Table 8 Data description and sources
Table 9 Pairwise correlation

Appendix 2: Data

Data for the study come from Statistics Sweden and cover 2001–2007. The resulting unbalanced micro panel database encompasses all manufacturing firms in Sweden (ISIC 10–37).

Financial information comes from the Swedish Structural Business Statistics (SBS). The SBS is based on data from the Swedish Tax Authority, but is supplemented by survey data for some variables as well as for the largest firms. A firm is generally defined as the smallest legal entity. However, there are some 50 “composite firms” who report for more than one legal entity within the same enterprise group.Footnote 37 Firms and entities’ industry affiliations are from the Business Register and are defined using the Swedish Standard Industrial Classification (SNI 2002).
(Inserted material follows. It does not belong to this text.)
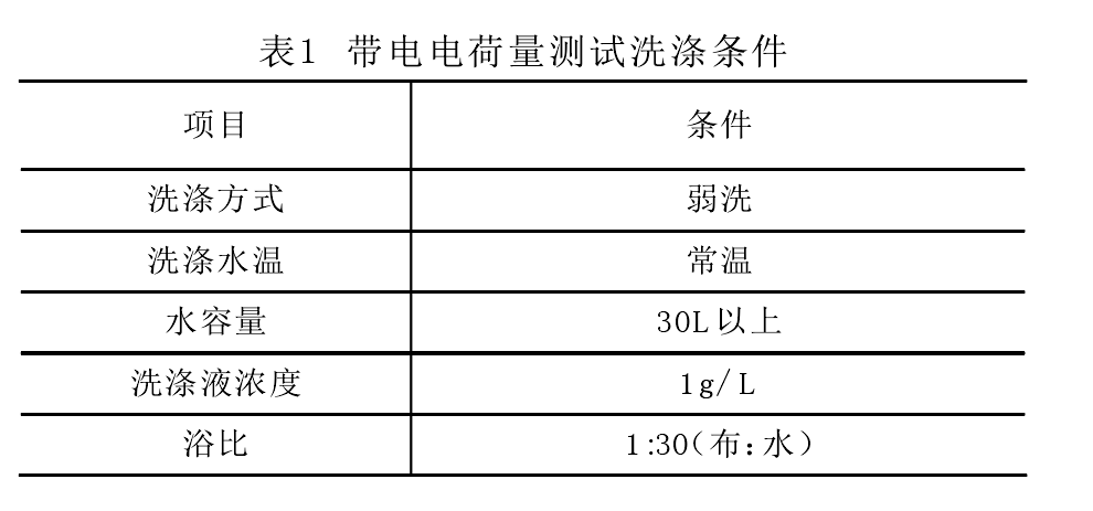 在對防靜電毛針織服進行帶電電荷量測試前應按照規定的方法進行洗滌,洗滌時間為6.5h,與GB12014-2009《防靜電服》標準中的洗滌方法相同,用中性洗滌液連續弱檔洗滌、水溫為常溫。其洗滌條件和程序,見表1、表2.

SNI 2002 corresponds to NACE (rev. 1.1) up to the 4-digit level and to ISIC (rev. 3) up to the 2-digit level.

Information on enterprise affiliation comes from the Swedish Enterprise Group Register (EGR). Data have been collected by Statistics Sweden and PAR AB. An enterprise group is defined as a group consisting of a mother firm and at least one more firm, where the mother holds the absolute and therefore controlling majority (>50 %) of the stocks.Footnote 38

Statistics on the highest level of education attained for each resident aged 16–74 comes from the register based labor market statistics (RAMS). Since 2001 RAMS has also contained information on the number of employees in a firm, their occupation and remuneration.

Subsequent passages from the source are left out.